**INPUT DATA**:
────────
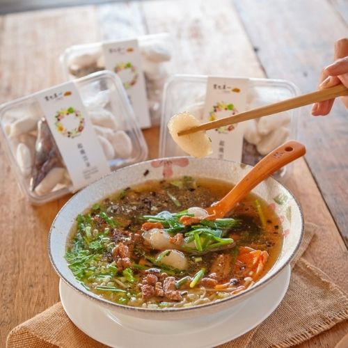 因早年薑麻園村並不富裕,總是衣食短缺,甚至過以農作物換取物資的方式生活,而涂家長輩為了讓孩子健康成長,在那個不容易吃到肉的年代,以樹薯粉製成似雲朵的麵疙瘩,搭配簡單自耕的菜湯養足一家,而後將【起飛雲朵】流傳到現在即將三代,口味依舊始終如一。
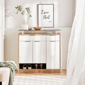 رتبي أحذيّتك بدقة في خزانة الأحذية العصرية هذه. مصمّمة بمساحة واسعة بأدراج وخزائن فسيحة لتنظيم أحذيتك الجميلة والأشياء الثمينة الأخرى. تتميّز بلمسة نهائية شديدة اللمعان بسطح زجاجي لعرض التماثيل الزخرفية. كما أنها مصنوعة من الخشب المتين المصمم هندسيًا، ما يضمن متانتها واستدامتها.
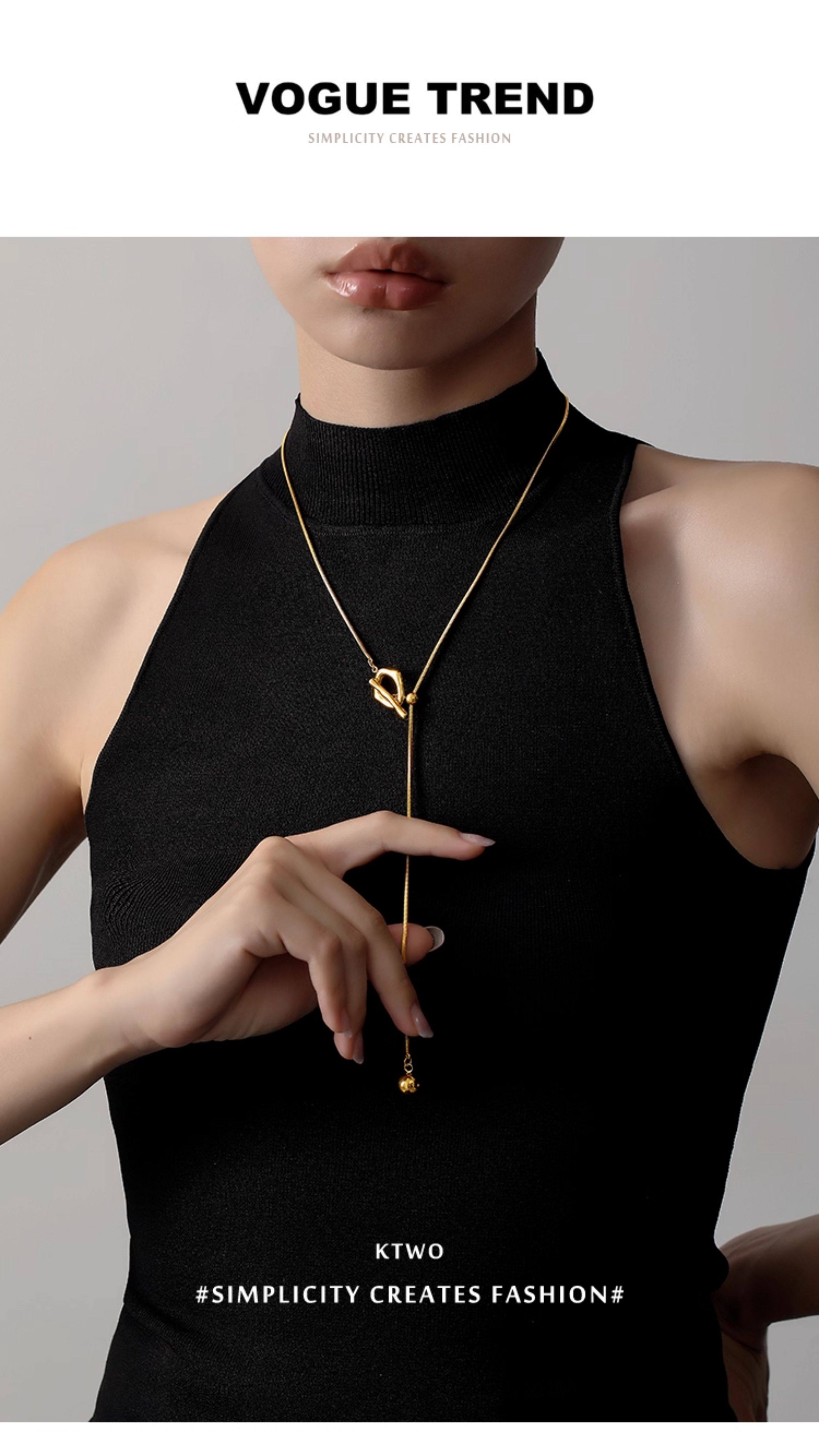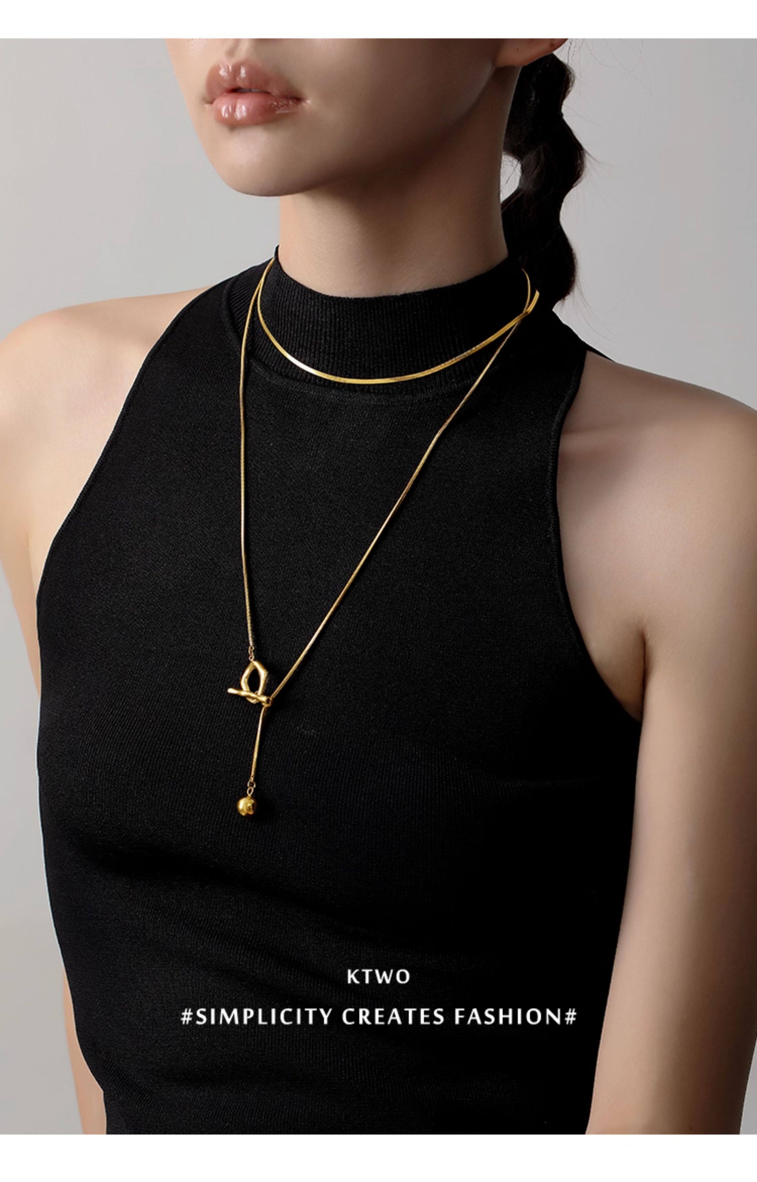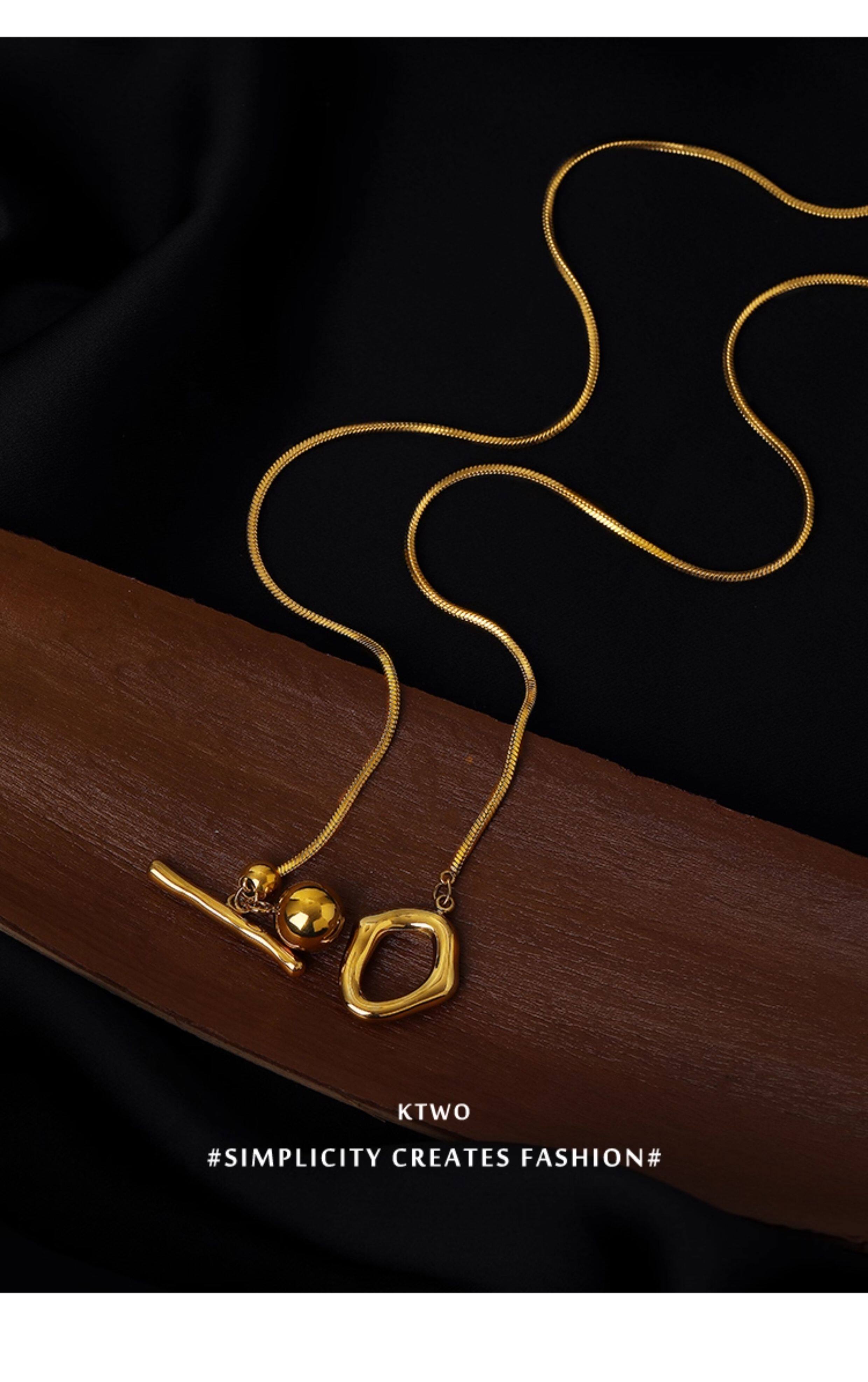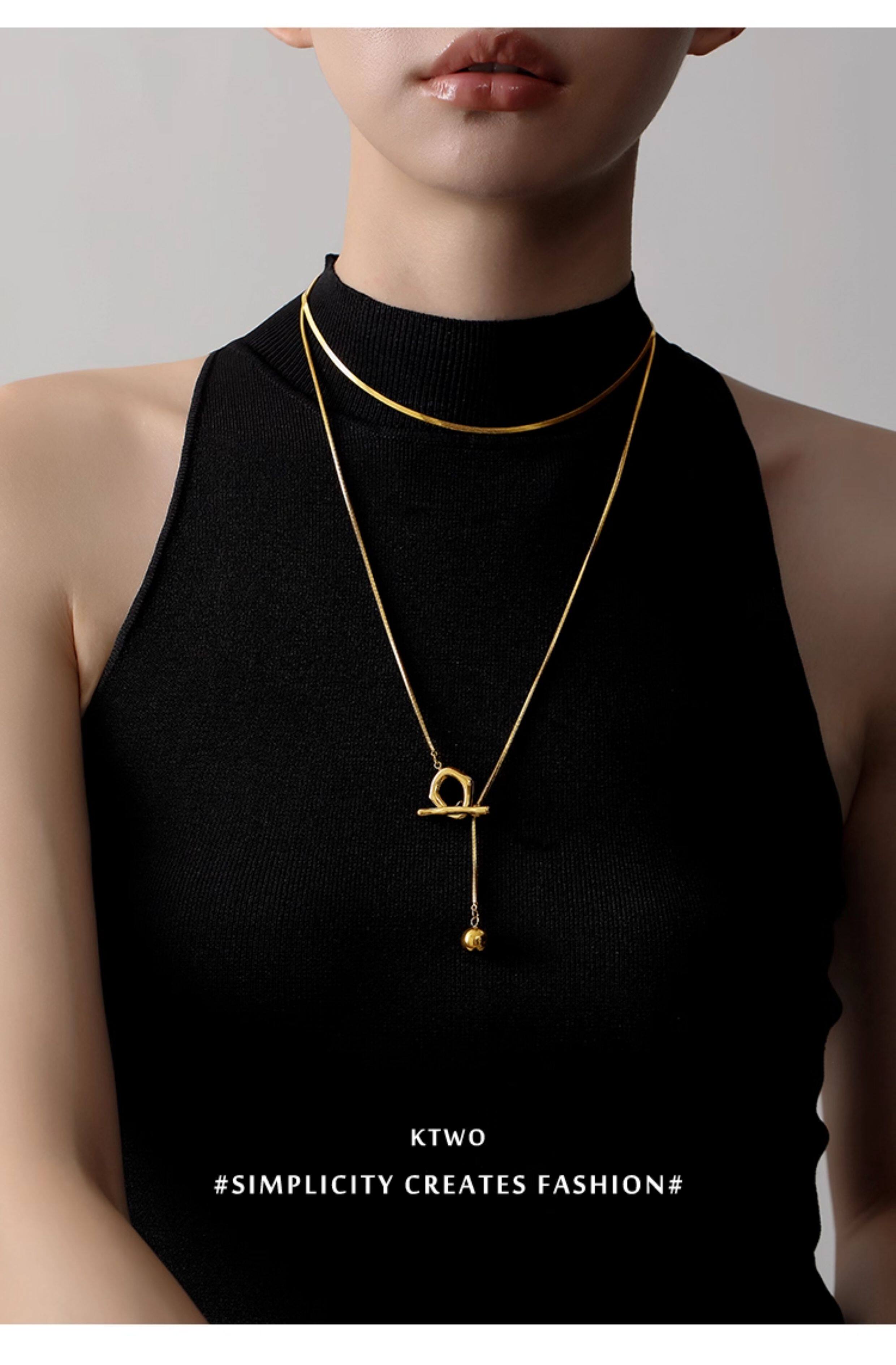 歐式時尚大氣T釦圓珠毛衣鏈女小衆輕奢鍍k金不掉色鈦鋼毛衫長項鍊
────────
**WHAT THIS TASK INVOLVES**: Return the material word for word, images omitted.

**REPLY**:
 因早年薑麻園村並不富裕,總是衣食短缺,甚至過以農作物換取物資的方式生活,而涂家長輩為了讓孩子健康成長,在那個不容易吃到肉的年代,以樹薯粉製成似雲朵的麵疙瘩,搭配簡單自耕的菜湯養足一家,而後將【起飛雲朵】流傳到現在即將三代,口味依舊始終如一。
 رتبي أحذيّتك بدقة في خزانة الأحذية العصرية هذه. مصمّمة بمساحة واسعة بأدراج وخزائن فسيحة لتنظيم أحذيتك الجميلة والأشياء الثمينة الأخرى. تتميّز بلمسة نهائية شديدة اللمعان بسطح زجاجي لعرض التماثيل الزخرفية. كما أنها مصنوعة من الخشب المتين المصمم هندسيًا، ما يضمن متانتها واستدامتها.
 歐式時尚大氣T釦圓珠毛衣鏈女小衆輕奢鍍k金不掉色鈦鋼毛衫長項鍊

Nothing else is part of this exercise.